TASK REQUIREMENTS :: Within the lines below, the span from the line with "美國食品藥物管理局(FDA)於 2026 年" to the line with "Summer Breeze Kylfilt", both ends included, is to be reproduced exactly, with pictures omitted.

SUPPLIED MATERIAL ::
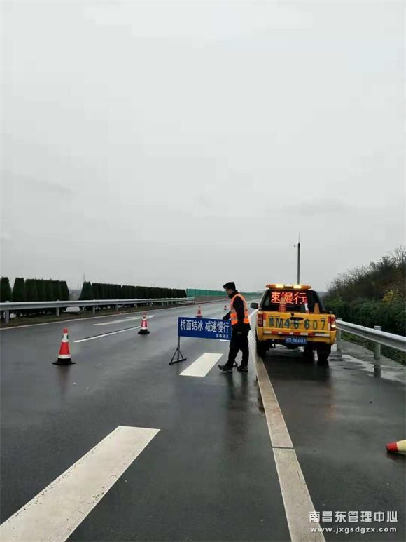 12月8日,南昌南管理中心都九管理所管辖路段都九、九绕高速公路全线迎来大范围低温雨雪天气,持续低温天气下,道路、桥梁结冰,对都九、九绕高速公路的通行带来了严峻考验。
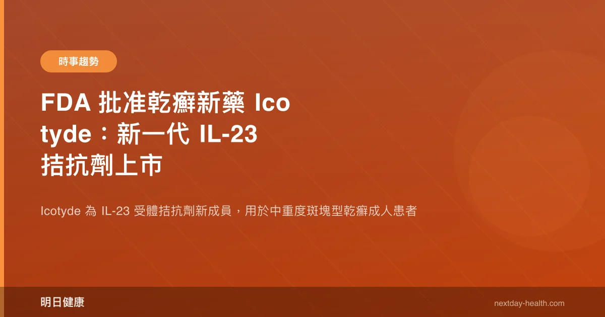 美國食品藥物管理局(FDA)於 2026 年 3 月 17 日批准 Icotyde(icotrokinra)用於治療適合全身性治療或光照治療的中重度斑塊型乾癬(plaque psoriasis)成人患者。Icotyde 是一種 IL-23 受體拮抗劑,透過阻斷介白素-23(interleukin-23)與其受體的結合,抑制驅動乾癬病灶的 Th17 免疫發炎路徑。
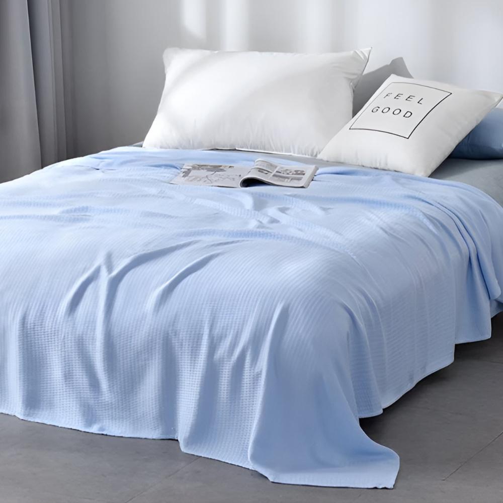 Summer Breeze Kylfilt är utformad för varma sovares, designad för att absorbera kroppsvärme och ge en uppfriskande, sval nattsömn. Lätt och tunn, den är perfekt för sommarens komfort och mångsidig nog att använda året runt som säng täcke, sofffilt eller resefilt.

==

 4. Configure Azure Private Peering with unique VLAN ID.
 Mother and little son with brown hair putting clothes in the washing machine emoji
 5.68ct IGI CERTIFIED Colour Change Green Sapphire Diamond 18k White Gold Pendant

---

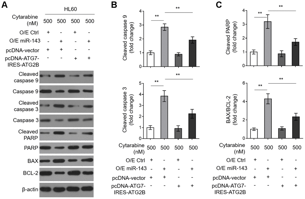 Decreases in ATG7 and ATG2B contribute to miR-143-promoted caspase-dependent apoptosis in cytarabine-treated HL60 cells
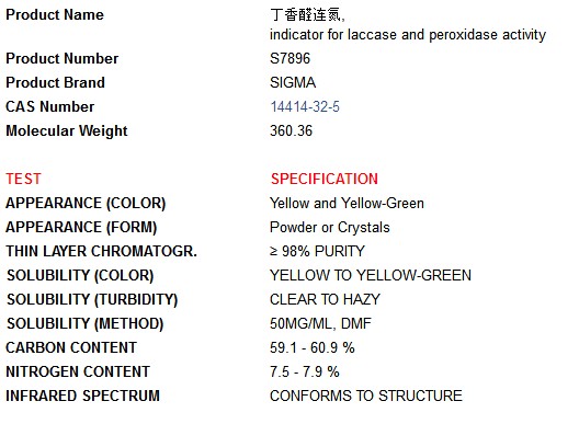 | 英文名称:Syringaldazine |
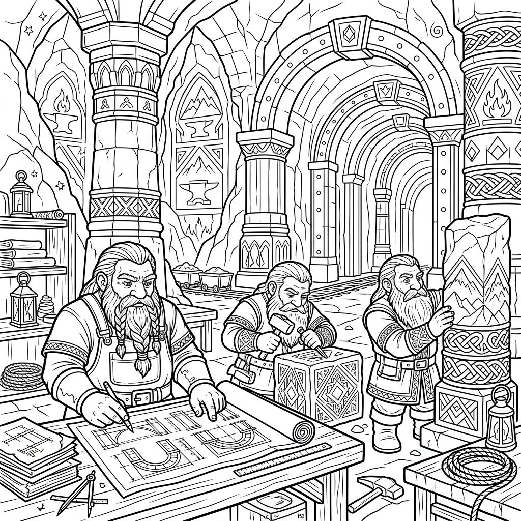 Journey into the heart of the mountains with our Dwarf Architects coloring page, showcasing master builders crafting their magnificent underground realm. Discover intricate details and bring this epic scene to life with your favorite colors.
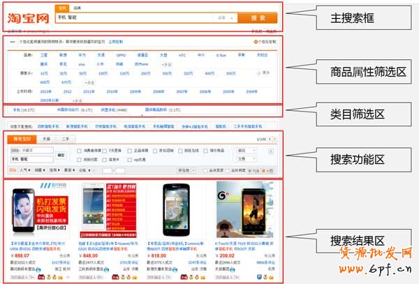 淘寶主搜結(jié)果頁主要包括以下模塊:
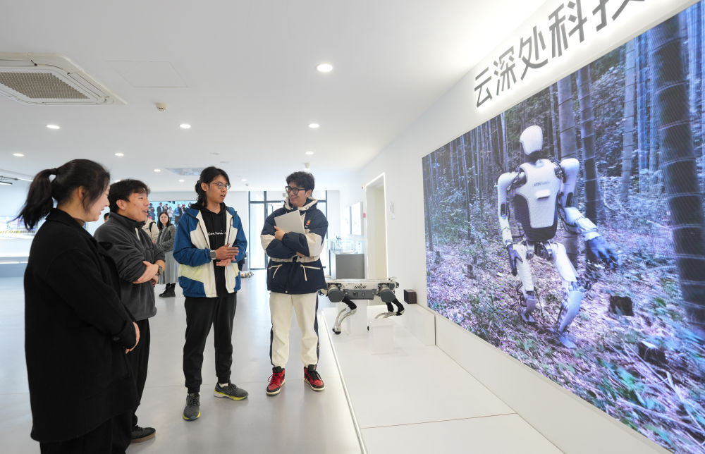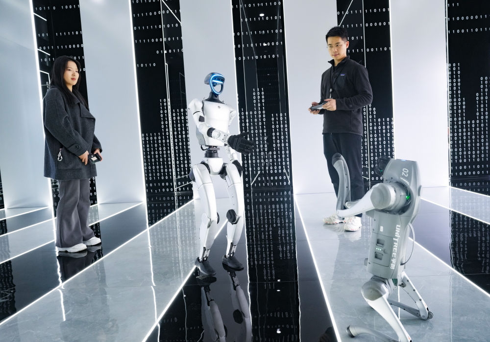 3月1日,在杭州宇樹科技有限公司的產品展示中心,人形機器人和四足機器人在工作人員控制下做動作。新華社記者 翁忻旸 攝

SOLUTION TO THE EXERCISE ::
 美國食品藥物管理局(FDA)於 2026 年 3 月 17 日批准 Icotyde(icotrokinra)用於治療適合全身性治療或光照治療的中重度斑塊型乾癬(plaque psoriasis)成人患者。Icotyde 是一種 IL-23 受體拮抗劑,透過阻斷介白素-23(interleukin-23)與其受體的結合,抑制驅動乾癬病灶的 Th17 免疫發炎路徑。
 Summer Breeze Kylfilt är utformad för varma sovares, designad för att absorbera kroppsvärme och ge en uppfriskande, sval nattsömn. Lätt och tunn, den är perfekt för sommarens komfort och mångsidig nog att använda året runt som säng täcke, sofffilt eller resefilt.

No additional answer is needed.